Scrabster Harbour Trust -v- Mowlem plc t/a Mowlem Marine

Case reference: 
[2005] CSOH 44
Wednesday, 23 March 2005

Key terms: 
Adjudication - ICE 5th Edition - HGCRA Amendment 1998 - ICE/Scot Arb/April 2001 and addenda - Scottish arbitration code - final and binding - Clause 66 - validity of notice.

Mowlem entered into a contract with Scrabster (the Employer) for a new break water and associated works as part of a new ferry terminal. The contract was based on the ICE 5th Editions, together with amendments including the HGCRA March 1998 ICE amendment and the ICE Scottish arbitration amendment (April 2001). Clause 66(9)(b) as amended by the Scottish arbitration provision provided:
“Where an Adjudicator has given a decision under Clause 66(6) in respect of the particular dispute, the Notice of Arbitration must be served within three months of the giving of the Decision otherwise it shall be final as well as binding.”

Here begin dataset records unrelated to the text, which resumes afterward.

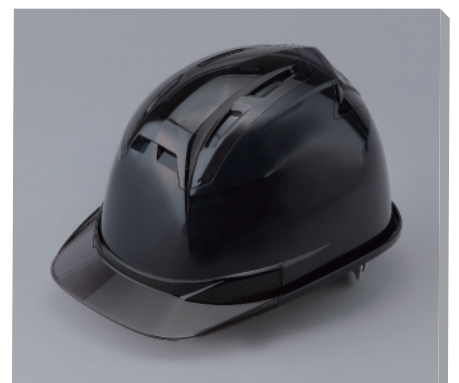
No.396F-S 紺 ひさし：スモーク スチロールライナー入り ¥4,700 111818 梱包単位：10 個
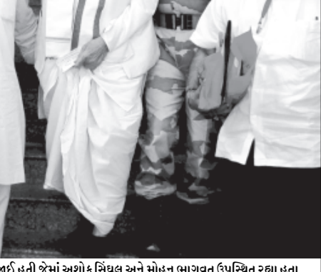
એસજીવીપીમાં ધર્મસભા યોજાઈ હતી જેમાં અશોક સિંઘલ અને મોહન ભાગવત ઉપસ્થિત રહ્યા હતા.

અમદાવાદ, તા. ૮ બદરુદીન શેખ પર હુમલો કરનાર આરોપી હનિફને પોલીસે આજે ટિન દહાડે ધોળકામાંથી પકડી પાડવામાં આવ્યા બાદ વધુ વિગત સપાટી પર આવે તેવી શક્યતા દેખાઈ રહી છે. થોડાક દિવસ પહેલા જ અમદાવાદના કોર્પોરેટર અને કોર્પોરેશનમાં કોંગ્રેસના નેતા બદરુદીન શેખ પર તલવારથી હુમલો કરવામાં આવ્યો હતો. આ બનાવને લઈને ભારે રાજકીય ગરમી જામી હતી. હુમલો કરવામાં આવ્યા બાદ આક્ષેપ-પ્રતિઆક્ષેપનો દોર શરૂ થયો હતો. ધાયલ થયા બાદ બદરુદીન શેખને હોસ્પિટલમાં ખસેડવામાં આવ્યા હતા. એવો આક્ષેપ પણ કરવામાં આવ્યો હતો કે રાજકીયરિતિ પ્રેરીત આ હુમલો હતો.
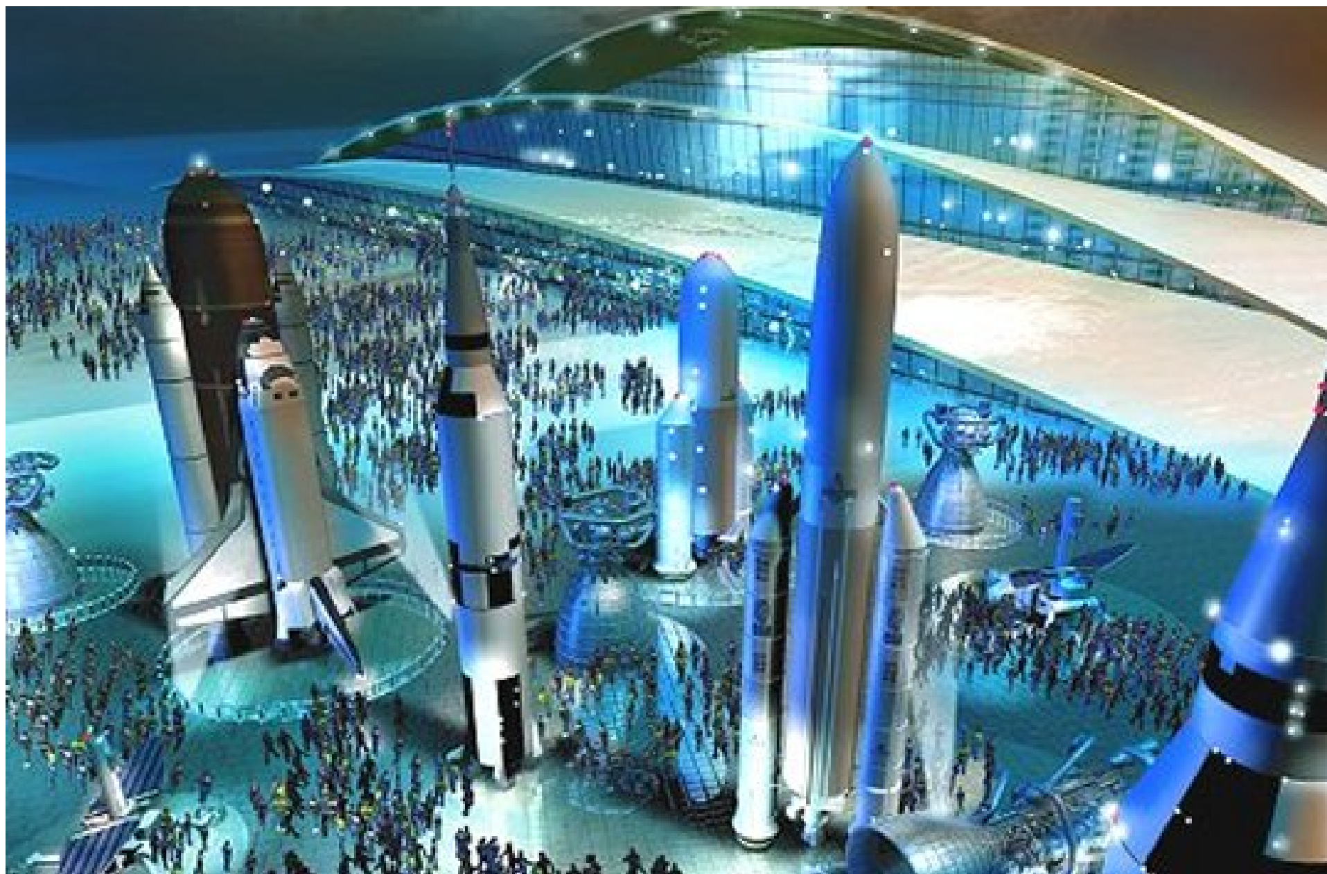
Space Science World. L'espace est l'un des sujets exploités dans l'immense parc à thèmes de Dubailand qui a l'ambition de devenir le plus grand parc touristique et d'attractions au monde.

The Adjudicator issued a Decision, and a Notice of Arbitration was then issued within the three month period. The Employer sought a declaration that the Adjudicator’s Decision was final and binding because the Notice of Arbitration failed to comply with Article 1 of the Scottish Arbitration Code. Article 1 required the notice to contain amongst other things, details about the nature of the claim, the sum claimed, the pursuers defence and the remedy and relief sought. The Employer argued that the Notice was not sufficiently detailed.

Lord Clarke viewed the authorities, which made it clear that parties must precisely comply with contractually and statutorily prescribed provisions. However, the Appendix to the Scottish Arbitration Code provided a precedent Notice of Arbitration, and as the actual notice complied with that, Lord Clarke was of the opinion that the Notice of Arbitration served by Mowlem was valid and that the Adjudicator’s Decision had therefore not become final and binding.